Сюгоро Ямамото - Красная Борода
Учитель еще раз повел носом, подозрительно оглядывая комнату, но ничего не обнаружил. Спустя несколько дней среди ночи ему снова послышалось, как кто-то стонет, потом сдавленным голосом говорит: «Пусти, я больше не могу, не могу». «Должно быть, опять померещилось», — подумал он наутро.
В стране усиливалась депрессия. Упорнее становились слухи о застое в экономике и ожидаемом банкротстве ряда мелких и средних предпринимателей. Это носило характер эпидемии гриппа. Власти пытались урегулировать создавшееся положение, кое-как восстанавливали конъюнктуру за счет мелких и средних предпринимателей и лиц с низким доходом. Но поскольку никто не думал о радикальном способе лечения, болезнь через некоторое время наступала снова. По не претендующему на гениальность мнению старика Тамбы, принимаемые меры были направлены на спасение ростовщической экономики Японии. Услышав это, учитель Кандо возмущенно пожал плечами, назвал Тамбу «красным» и заявил, что этому проповеднику опасных мыслей в будущем не поздоровится, и поделом!
Но не поздоровилось самому учителю, хотя он и не проповедовал опасные мысли, причем значительно раньше, чем старому Тамбе. Однажды в сумерки, когда он возвращался из очередного похода за деньгами, к нему подскочил поджидавший его Дзискэ.

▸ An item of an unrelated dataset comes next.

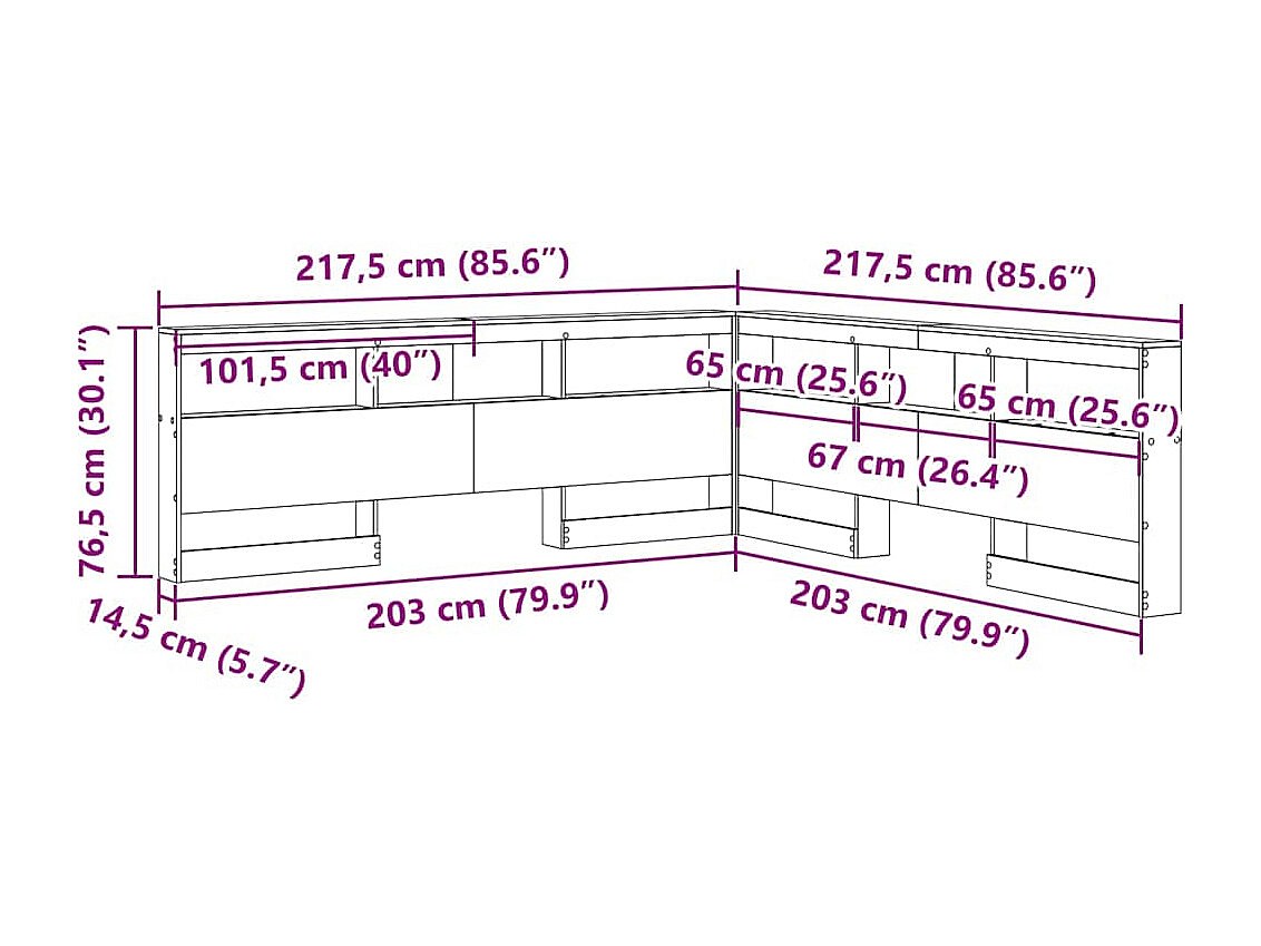 Opberghoofdbord met plank Gerookt eiken 200 cm Bewerkt hout

— Эй, учитель! Куда ты дел мою жену? — закричал он, сжимая кулаки.
Дзискэ было лет сорок семь — сорок восемь. Из шестерых его детей при нем осталась младшая дочь, остальные разбрелись кто куда. Он был женат третий раз. О-Хати была моложе его почти на двадцать лет, белокожа и миловидна, как многие женщины из Тохоку. За два года супружеской жизни она не родила Дзискэ ребенка. Дзискэ слыл человеком положительным, спокойным, никогда не ввязывался в спор, не то что в драку.

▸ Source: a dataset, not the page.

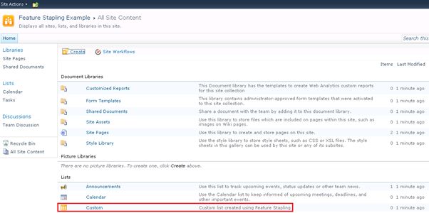 In this section you will see how to create a new feature and feature receiver to create a custom list in the site.
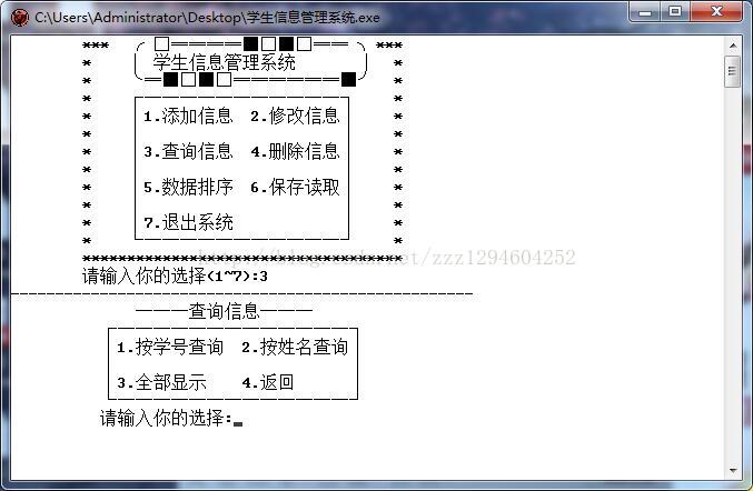printf("\t* │3.查询信息 4.删除信息│ *\n");

И вот этот безобидный человек буквально сотрясался от гнева и уже закатывал рукава своей куртки, чтобы поколотить учителя.
— Чего ты кричишь? В чем дело? — спросил его учитель и выставил руку вперед, намереваясь отразить ожидаемый удар. — Если ты считаешь меня в чем-то виноватым — прости. Только успокойся.
— Верни мою жену! — снова завопил Дзискэ. — Где ты прячешь мою жену О-Хацу? Говори!
— Ты имеешь в виду О-Хати?
— Ее правильное имя — О-Хацу. Но это не имеет значения. Называйте ее как хотите, только не морочьте мне голову. У меня есть свидетели. Они не способны умничать, как вы, но у них есть глаза, и они все видели.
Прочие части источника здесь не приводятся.